Search code examples
c++language-lawyerundefined-behaviorpointer-arithmetic

Pointer arithmetic using cast to "wrong" type


I have an array of structs, and I have a pointer to a member of one of those structs. I would like to know which element of the array contains the member. Here are two approaches:

#include <array>
#include <string>

struct xyz
{
    float x, y;
    std::string name;
};

typedef std::array<xyz, 3> triangle;

// return which vertex the given coordinate is part of
int vertex_a(const triangle& tri, const float* coord)
{
    return reinterpret_cast<const xyz*>(coord) - tri.data();
}

int vertex_b(const triangle& tri, const float* coord)
{
    std::ptrdiff_t offset = reinterpret_cast<const char*>(coord) - reinterpret_cast<const char*>(tri.data());
    return offset / sizeof(xyz);
}

Here's a test driver:

#include <iostream>

int main()
{
    triangle tri{{{12.3, 45.6}, {7.89, 0.12}, {34.5, 6.78}}};
    for (const xyz& coord : tri) {
        std::cout
            << vertex_a(tri, &coord.x) << ' '
            << vertex_b(tri, &coord.x) << ' '
            << vertex_a(tri, &coord.y) << ' '
            << vertex_b(tri, &coord.y) << '\n';
    }
}

Both approaches produce the expected results:

0 0 0 0
1 1 1 1
2 2 2 2

But are they valid code?

In particular I wonder if vertex_a() might be invoking undefined behavior by casting float* y to xyz* since the result does not actually point to a struct xyz. That concern led me to write vertex_b(), which I think is safe (is it?).

Here's the code generated by GCC 6.3 with -O3:

vertex_a(std::array<xyz, 3ul> const&, float const*):
    movq    %rsi, %rax
    movabsq $-3689348814741910323, %rsi ; 0xCCC...CD
    subq    %rdi, %rax
    sarq    $3, %rax
    imulq   %rsi, %rax

vertex_b(std::array<xyz, 3ul> const&, float const*):
    subq    %rdi, %rsi
    movabsq $-3689348814741910323, %rdx ; 0xCCC...CD
    movq    %rsi, %rax
    mulq    %rdx
    movq    %rdx, %rax
    shrq    $5, %rax

Solution

  • Neither is valid per the standard.


    In vertex_a, you're allowed to convert a pointer to xyz::x to a pointer to xyz because they're pointer-interconvertible:

    Two objects a and b are pointer-interconvertible if [...] one is a standard-layout class object and the other is the first non-static data member of that object [...]

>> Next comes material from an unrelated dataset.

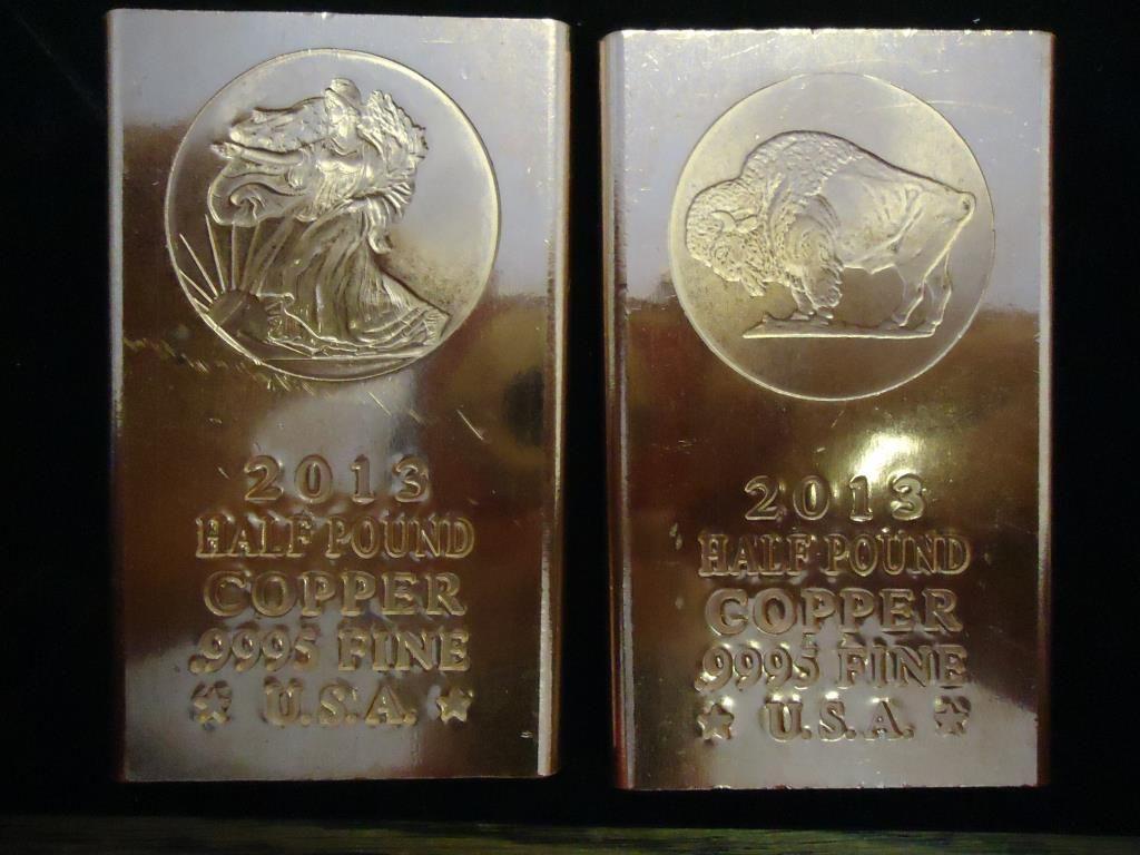 2 HALF POUND COPPER BARS ( WLH & BUFFALO)
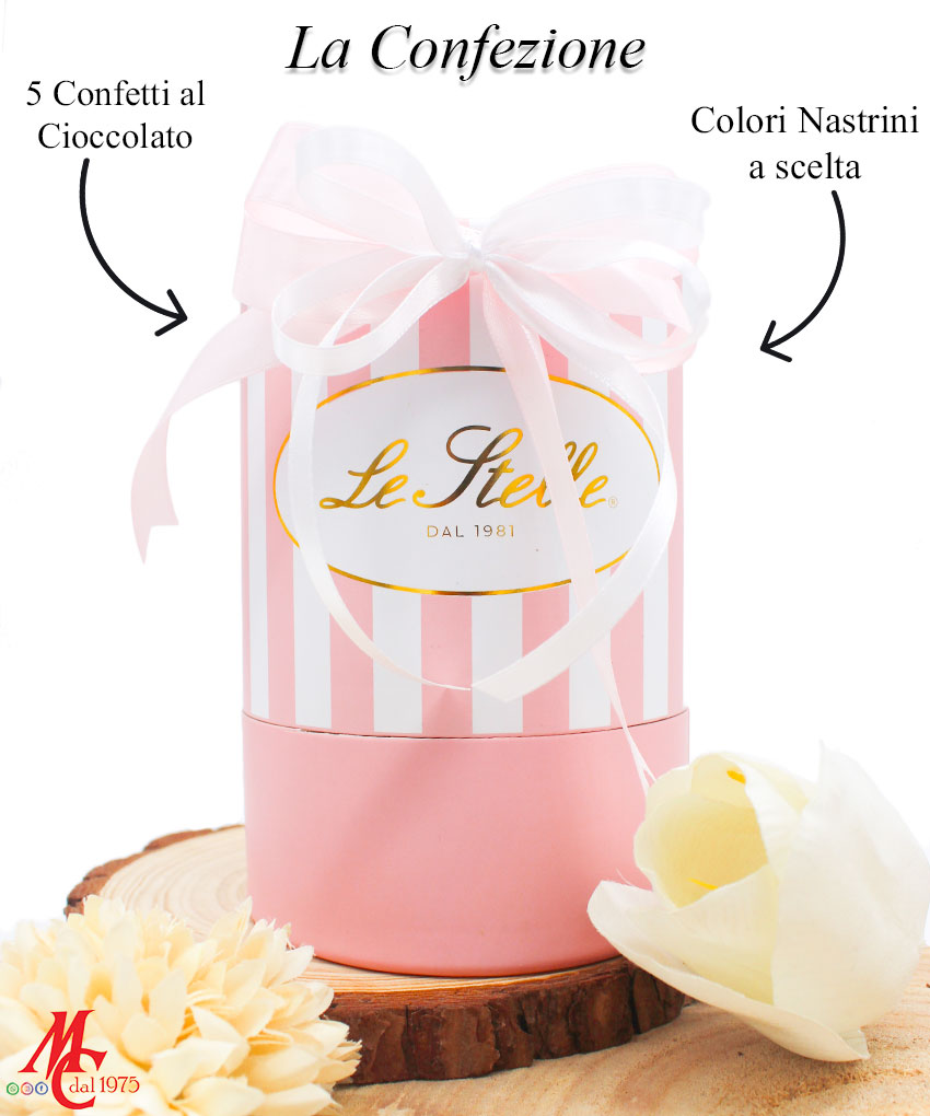 - Confezione inclusa: Sì – astuccio cilindrico, nastrini e confetti

    If two objects are pointer-interconvertible, then they have the same address, and it is possible to obtain a pointer to one from a pointer to the other via a reinterpret_­cast.

    But you can't do the cast from a pointer to xyz::y to a pointer to xyz. That operation is undefined.


    In vertex_b, you're subtracting two pointers to const char. That operation is defined in [expr.add] as:

    If the expressions P and Q point to, respectively, elements x[i] and x[j] of the same array object x, the expression P - Q has the value i − j; otherwise, the behavior is undefined

    Your expressions don't point to elements of an array of char, so the behavior is undefined.